INF-STK5010 – Statistical Bioinformatics - Learning from big data in the life sciences
Course description
Schedule, syllabus and examination date
Course content
The focus of the course is statistical and bioinformatical methods commonly used to analyze big datasets found within the life sciences. Examples are taken from single nucleotide polymorphism (SNP) analyses, high throughput sequence analyses, expression analyses, genome wide association studies (GWAS) and other genomics related fields. Some of the methods taught are quality control of big datasets, statistical testing and significance for big datasets, clustering, classification, multidimensional analysis, visualization, resampling, bootstrapping and network analysis. The statistical environment R will be used. The course is intended both for students with a background in biology or medicine wishing to extend their knowledge into the statistical domain, and for statisticians or computer scientists who wish to gain insight into how statistical methods are used for big datasets in general and within biology in particular.
Learning outcome
- The student will get an overview of the unique statistical problems that accompany big datasets within the life sciences.
- The student will gain knowledge about how big datasets can be statistically and bioinformatically analyzed.
- By the end of the course you will be able to write your own workflows in R and use several already existing R packages to analyze your own big datasets.
Admission
Students who are admitted to study programmes at UiO must each semester register which courses and exams they wish to sign up for in Studentweb.

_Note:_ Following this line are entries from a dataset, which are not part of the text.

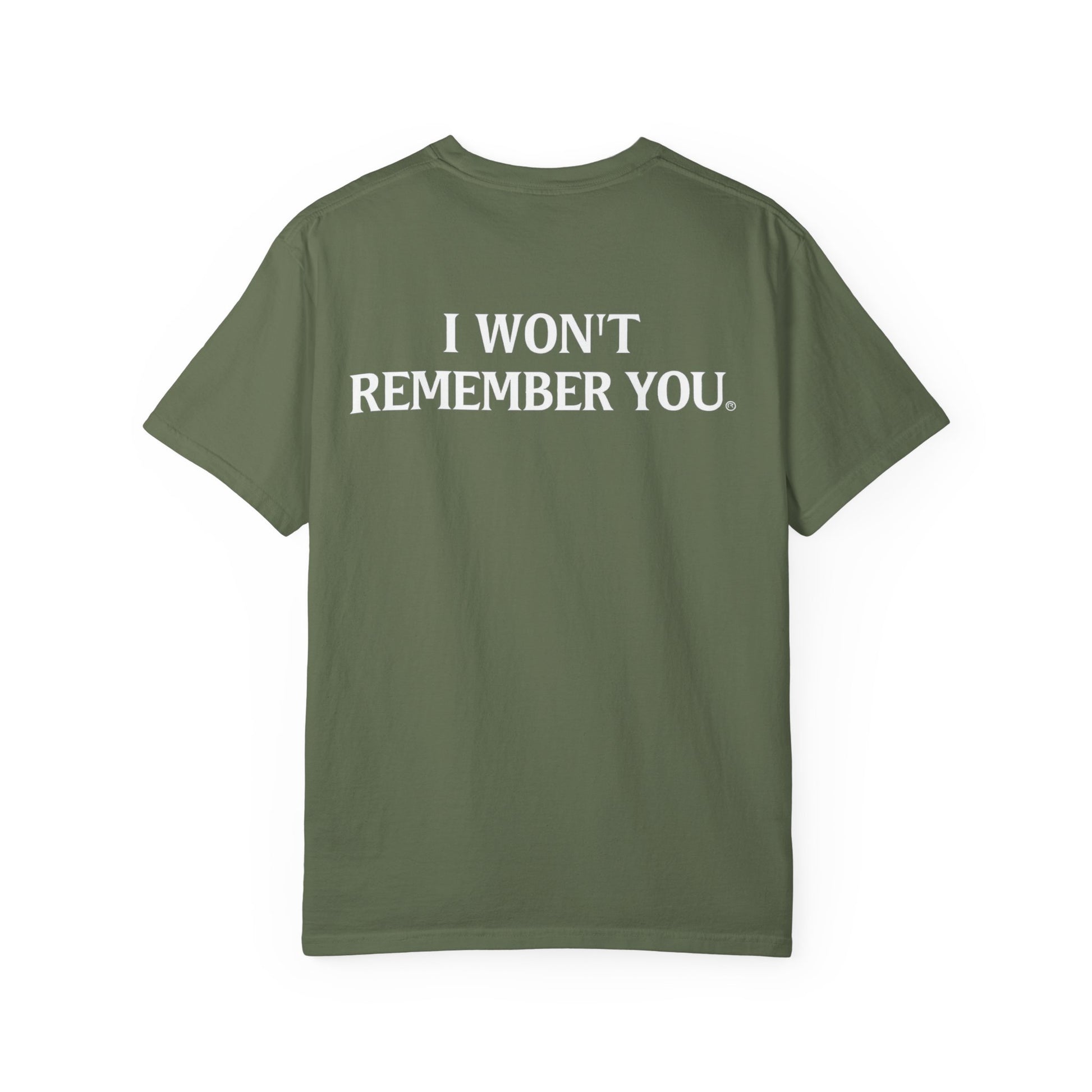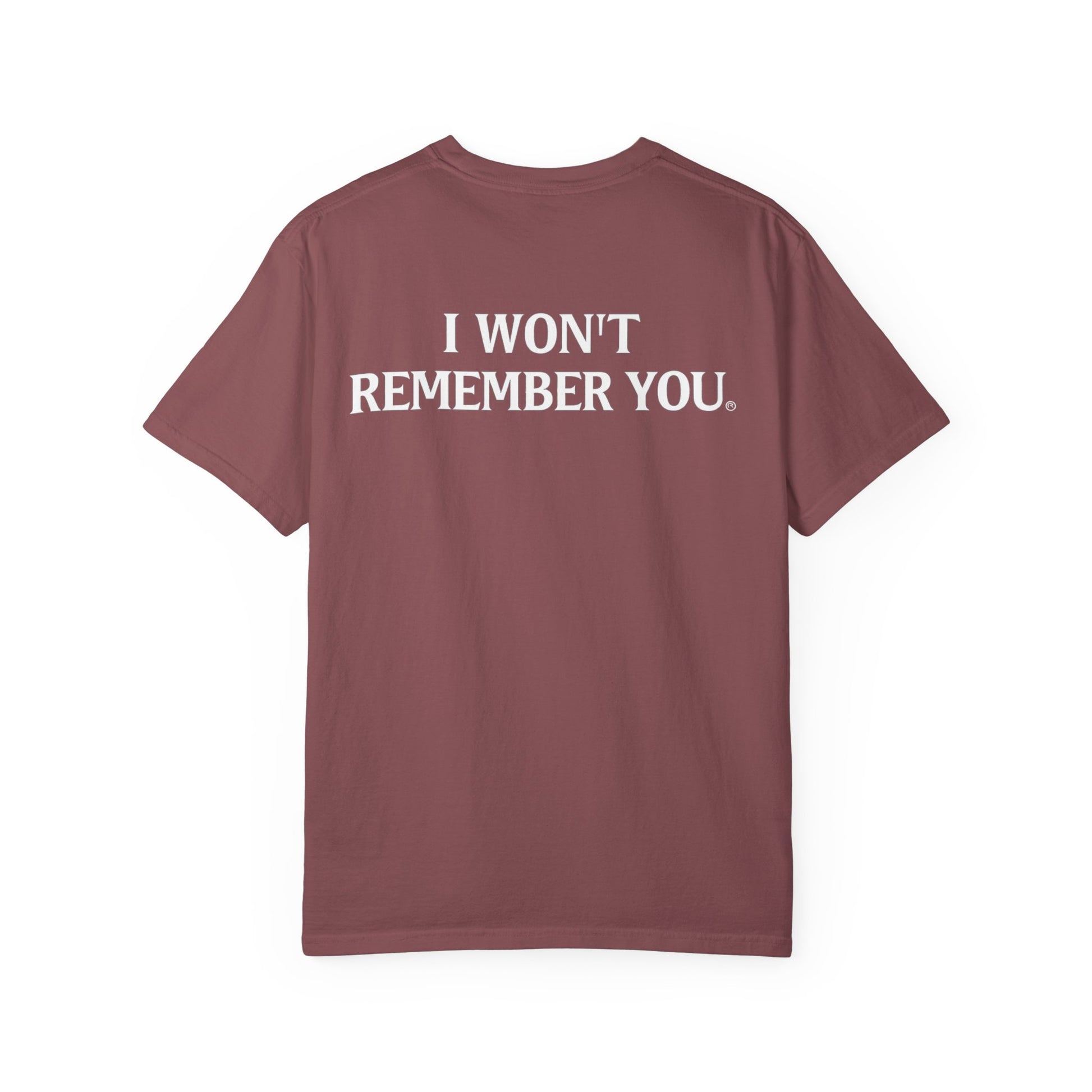 This men’s heavyweight t-shirt is crafted from premium ring-spun cotton, delivering a structured fit with a soft, lived-in feel that gets better with every wash. A clean “Eleven Fifty Nine Co.” logo sits on the chest, while the back makes the statement: “I WON’T REMEMBER YOU.” Bold, unapologetic, and designed for those who speak in style, not volume. Perfect for late-night bars or weekend hangs.
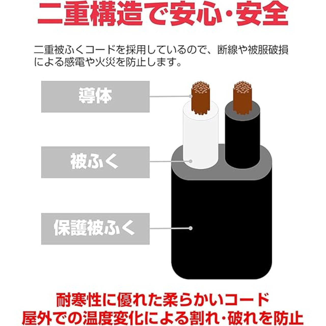【5mの延長コード】耐寒性に優れた、屋外で使える、柔らかい日本製の延長コードです。
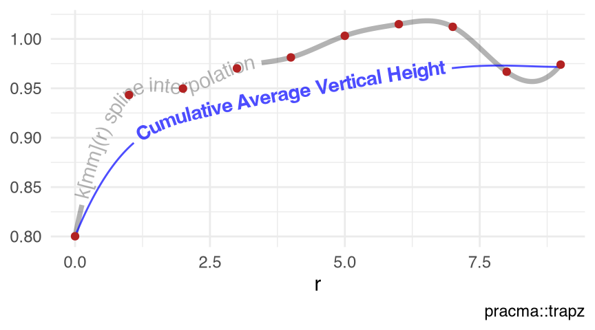 The S3 method visualize_vtrapz.fv() (Section 11.2, Table 11.2) visualizes the cumulative average vertical height of the trapezoidal integration (Section 11.1) under the recommended function values
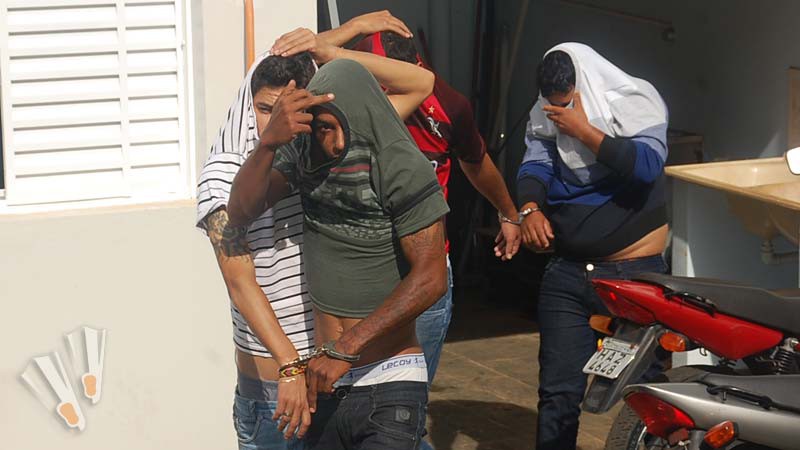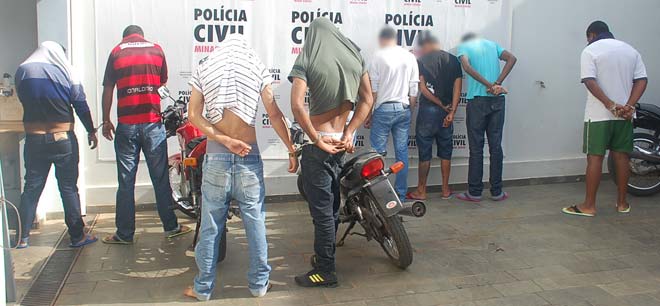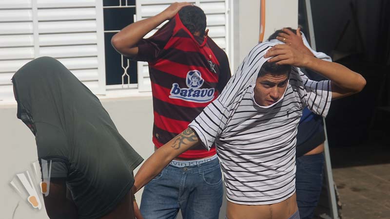 Trinta policiais em oito viaturas saíram por volta das 5h30 para cumprir 19 mandados judiciais. Foram presos Fábio Júnior Santos, 26 anos, conhecido como “Canalha”, Patrick Arimatéia Fernandes, 21 anos, Tiago de Moura Borba, 23 anos, Wesley dos Reis Lima, 20 anos, conhecido como “Leleu”, Yago Júnio Oliveira da Silva, 19 anos, e Clebson do Nascimento Oliveira, 24 anos. Outros 5 menores foram apreendidos, sendo que um deles estava em Guimarânia.
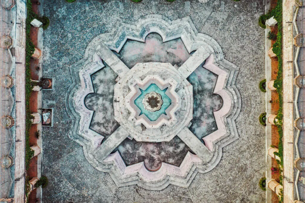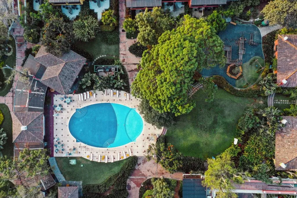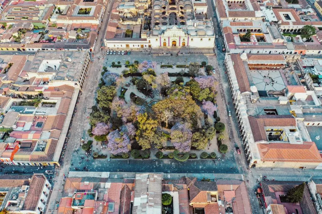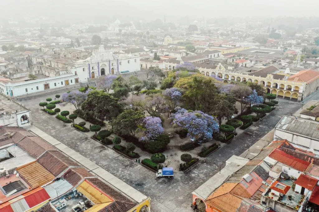 En las tomas aéreas, el Parque Central brilla con calma, rodeado de joyas históricas como el Palacio de los Capitanes Generales y la Catedral de Antigua. Estas construcciones, dispuestas en armonía, hablan de una historia larga y viva, de un legado que aún respira en piedra y color. El trazado de la ciudad transmite paz, pero los detalles susurran vida.
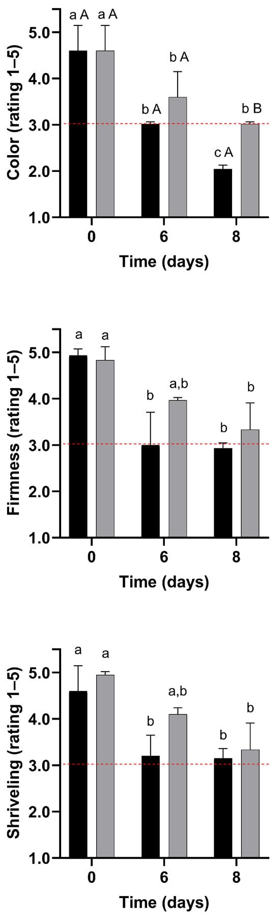 Subjective quality analysis was conducted independently at each predefined storage time point for both the control and coated groups. Subsequently, the subjective scores for each attribute at each storage point were statistically compared. For any attribute and day showing a significant difference, a higher score indicated superior quality in one group compared to the other.
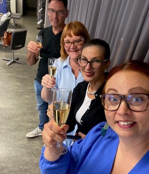 Kuvassa Keski-Suomen kauppakamarin henkilöstö vasemmalta alkaen palvelupäällikkö Pia Naukkarinen, koulutuspäällikkö Tuula Rahikainen, toimitusjohtaja Ari Hiltunen, markkinointisuunnittelija Merja Honkanen, viestintäpäällikkö Viivi Sakkara ja viestintäsuunnittelijana 30.4. asti toiminut Antti Innanen.
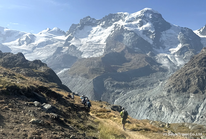 ヨーロッパアルプス第2の高峰モンテローザ(4,634m)。イタリアとスイスの国境に聳え、スイス最高峰でもあります。独立峰ではなく、複数の峰からなる山群で、最高点はイタリア側にあるプンタ・デュフール(Punta Dufour)。起点となるサースフェーからマッターホルンを望むチェルビニアまで、ぐるっと時計回りに巡ります。ツール・ド・モンブラン(TMB)やオートルート(HR)と並んで有名なアルプスのトレッキングルートのツール・ド・モンテローザ(TDM)。歩くルートはイタリアが多いですが、壮大な山岳風景から素朴で可愛らしい山村風景まで、スイス・イタリアアルプスの魅力をぎゅっと凝縮して、比較的参加しやすい12日間日程に仕上げました。
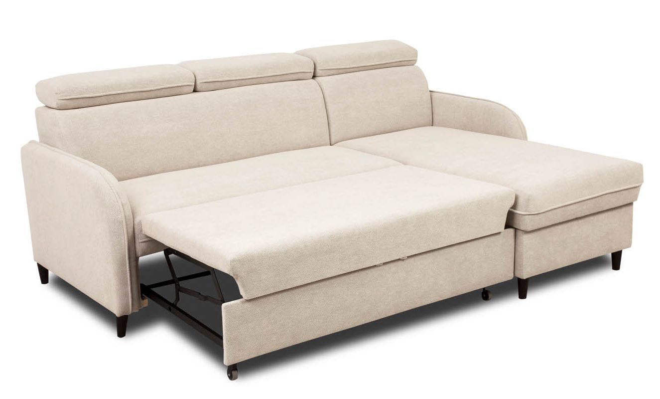 Praktycznym dodatkiem jest pojemnik na pościel, który umożliwia przechowywanie kołder, poduszek i koców. To doskonałe rozwiązanie, które pomaga utrzymać porządek w salonie i oszczędza miejsce w szafach.

If you are not already enrolled as a student at UiO, please see our information about admission requirements and procedures.
Prerequisites
Recommended previous knowledge
No formal requirements. The two first weeks will consist of introductory lectures. Students with a background in statistics or computer science will get an introduction to biology and biological datasets. Students with a background in biology or medicine will get an introduction to statistics and the R environment. The two sets of introductory lectures will not take place at the same time hence students that want to follow both introductions are welcome to do that.
Overlapping courses
- 10 credits overlap with INF-STK9010 – Statistical Bioinformatics - Learning from big data in the life sciences (discontinued)
- 3 credits overlap with STK4030 – Statistical Learning: Advanced Regression and Classification (discontinued)
- 3 credits overlap with STK9030 – Statistical Learning: Advanced Regression and Classification (discontinued)
It is possible to take a Special Syllabus with three credits if needed.
Teaching
2 hours of lectures and 2 hours of exercises per week. Mandatory assignments must be completed during the course. Rules for mandatory assignments.
Examination
4 hour written exam. The mandatory assignments must be approved prior to the exam.
Examination support material
No examination support material is allowed.
Language of examination
The examination text is given in English, and you submit your response in English.
Grading scale
Grades are awarded on a scale from A to F, where A is the best grade and F is a fail. Read more about the grading system.
Explanations and appeals
Resit an examination
Students who can document a valid reason for absence from the regular examination are offered a postponed examination at the beginning of the next semester.
Re-scheduled examinations are not offered to students who withdraw during, or did not pass the original examination.
Special examination arrangements
Application form, deadline and requirements for special examination arrangements.
Evaluation
The course is subject to continuous evaluation. At regular intervals we also ask students to participate in a more comprehensive evaluation.